### TASK GOAL
In the listing below, find the line with "Основни характеристики: Бактерицидна" and the line with "Morganite showcases a", then return them and every line between them exactly, minus the pictures.

### GIVEN RECORDS
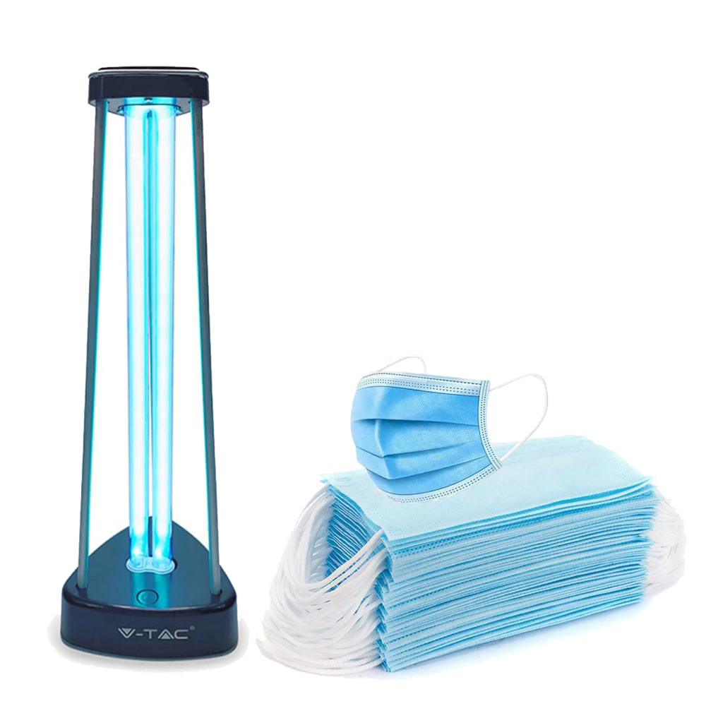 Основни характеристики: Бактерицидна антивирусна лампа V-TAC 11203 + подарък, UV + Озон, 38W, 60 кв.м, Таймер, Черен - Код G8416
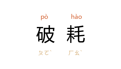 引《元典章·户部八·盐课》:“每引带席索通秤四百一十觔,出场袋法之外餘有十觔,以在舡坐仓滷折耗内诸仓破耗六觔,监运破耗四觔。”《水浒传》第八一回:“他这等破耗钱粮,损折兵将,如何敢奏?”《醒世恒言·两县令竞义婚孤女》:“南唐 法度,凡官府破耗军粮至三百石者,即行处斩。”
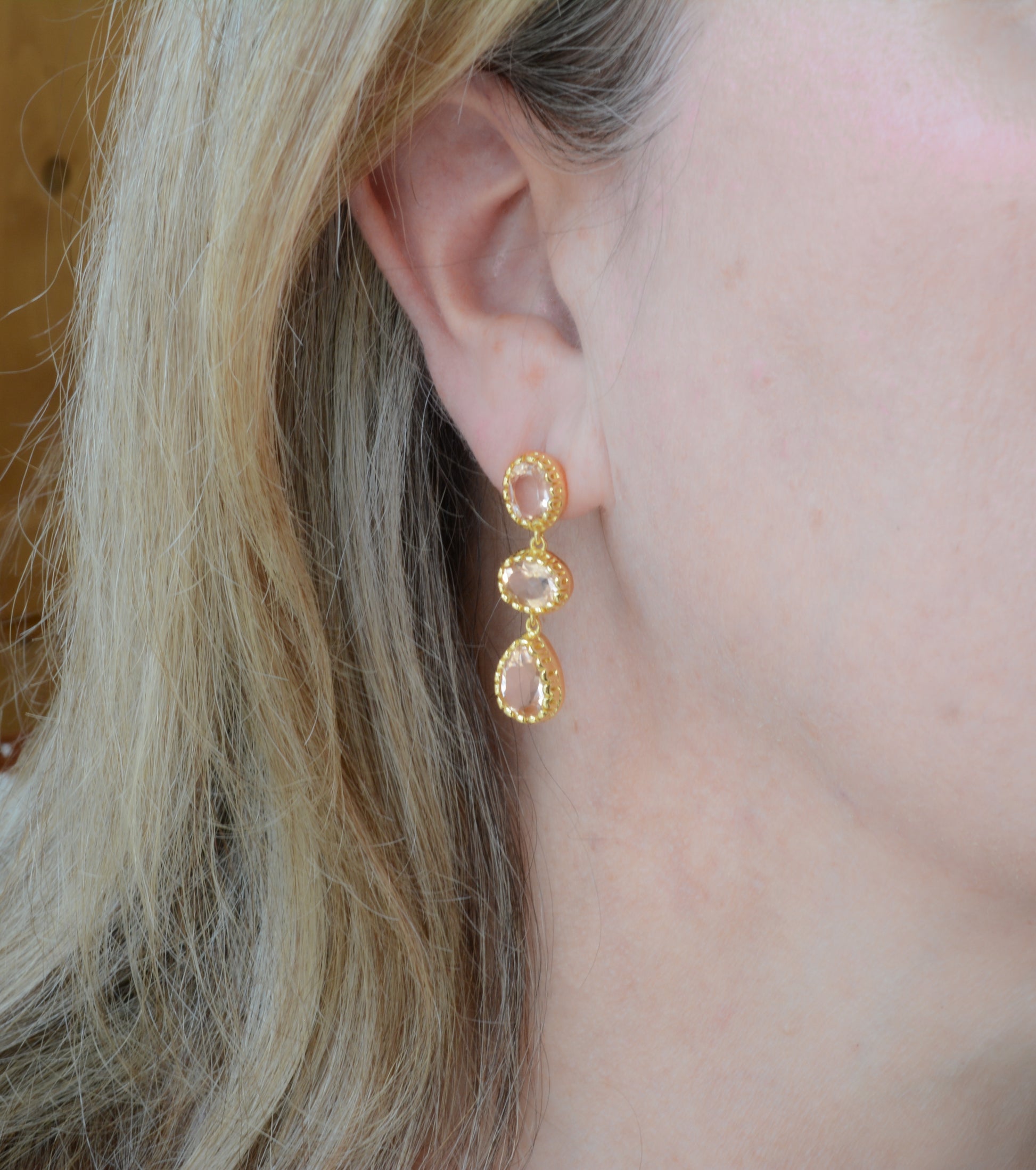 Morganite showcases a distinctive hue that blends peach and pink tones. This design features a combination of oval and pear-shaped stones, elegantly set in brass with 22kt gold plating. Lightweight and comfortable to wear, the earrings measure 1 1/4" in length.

* * *

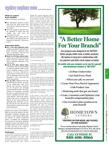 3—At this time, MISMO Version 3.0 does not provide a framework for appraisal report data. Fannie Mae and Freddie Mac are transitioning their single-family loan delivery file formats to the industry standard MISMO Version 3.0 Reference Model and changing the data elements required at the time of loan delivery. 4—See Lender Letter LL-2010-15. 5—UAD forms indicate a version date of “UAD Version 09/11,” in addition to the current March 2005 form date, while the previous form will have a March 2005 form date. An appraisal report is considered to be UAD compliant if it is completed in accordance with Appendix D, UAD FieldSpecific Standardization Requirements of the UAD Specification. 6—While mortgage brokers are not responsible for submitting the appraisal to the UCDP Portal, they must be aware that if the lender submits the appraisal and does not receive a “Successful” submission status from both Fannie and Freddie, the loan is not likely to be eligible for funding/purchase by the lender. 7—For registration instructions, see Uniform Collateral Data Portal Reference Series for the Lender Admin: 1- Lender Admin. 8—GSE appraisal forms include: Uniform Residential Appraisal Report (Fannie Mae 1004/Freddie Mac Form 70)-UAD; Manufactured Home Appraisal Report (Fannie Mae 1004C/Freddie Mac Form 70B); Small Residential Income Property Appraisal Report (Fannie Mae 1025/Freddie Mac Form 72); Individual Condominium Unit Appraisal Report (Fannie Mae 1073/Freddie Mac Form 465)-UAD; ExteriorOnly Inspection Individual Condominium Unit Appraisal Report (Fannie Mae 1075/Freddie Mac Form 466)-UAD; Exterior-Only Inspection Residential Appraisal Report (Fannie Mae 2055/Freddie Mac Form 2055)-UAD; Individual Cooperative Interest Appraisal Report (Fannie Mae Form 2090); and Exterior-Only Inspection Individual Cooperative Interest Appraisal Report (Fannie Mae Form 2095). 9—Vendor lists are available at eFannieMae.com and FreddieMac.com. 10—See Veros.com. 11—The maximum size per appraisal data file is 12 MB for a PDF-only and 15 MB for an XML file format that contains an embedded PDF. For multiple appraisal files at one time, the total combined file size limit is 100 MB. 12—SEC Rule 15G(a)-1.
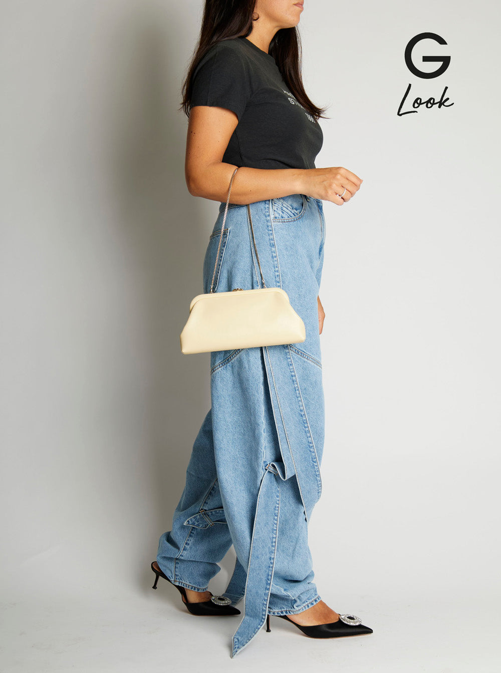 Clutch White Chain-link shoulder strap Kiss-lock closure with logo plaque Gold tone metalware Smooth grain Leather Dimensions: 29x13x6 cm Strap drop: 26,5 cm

* * *

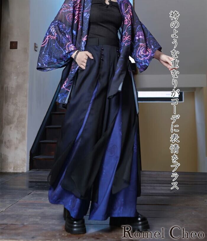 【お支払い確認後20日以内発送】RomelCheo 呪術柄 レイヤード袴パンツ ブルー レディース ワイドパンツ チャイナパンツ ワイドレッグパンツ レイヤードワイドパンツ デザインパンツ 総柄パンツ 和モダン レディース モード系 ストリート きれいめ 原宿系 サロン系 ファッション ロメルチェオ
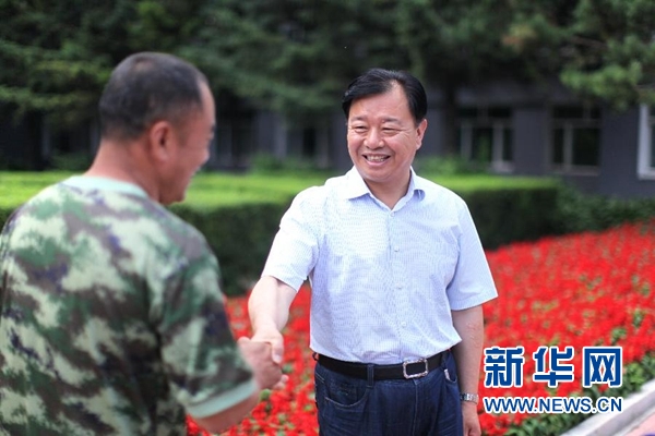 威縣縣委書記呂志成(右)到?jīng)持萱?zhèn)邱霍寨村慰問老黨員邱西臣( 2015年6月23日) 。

### TASK RESULT
 Основни характеристики: Бактерицидна антивирусна лампа V-TAC 11203 + подарък, UV + Озон, 38W, 60 кв.м, Таймер, Черен - Код G8416
 引《元典章·户部八·盐课》:“每引带席索通秤四百一十觔,出场袋法之外餘有十觔,以在舡坐仓滷折耗内诸仓破耗六觔,监运破耗四觔。”《水浒传》第八一回:“他这等破耗钱粮,损折兵将,如何敢奏?”《醒世恒言·两县令竞义婚孤女》:“南唐 法度,凡官府破耗军粮至三百石者,即行处斩。”
 Morganite showcases a distinctive hue that blends peach and pink tones. This design features a combination of oval and pear-shaped stones, elegantly set in brass with 22kt gold plating. Lightweight and comfortable to wear, the earrings measure 1 1/4" in length.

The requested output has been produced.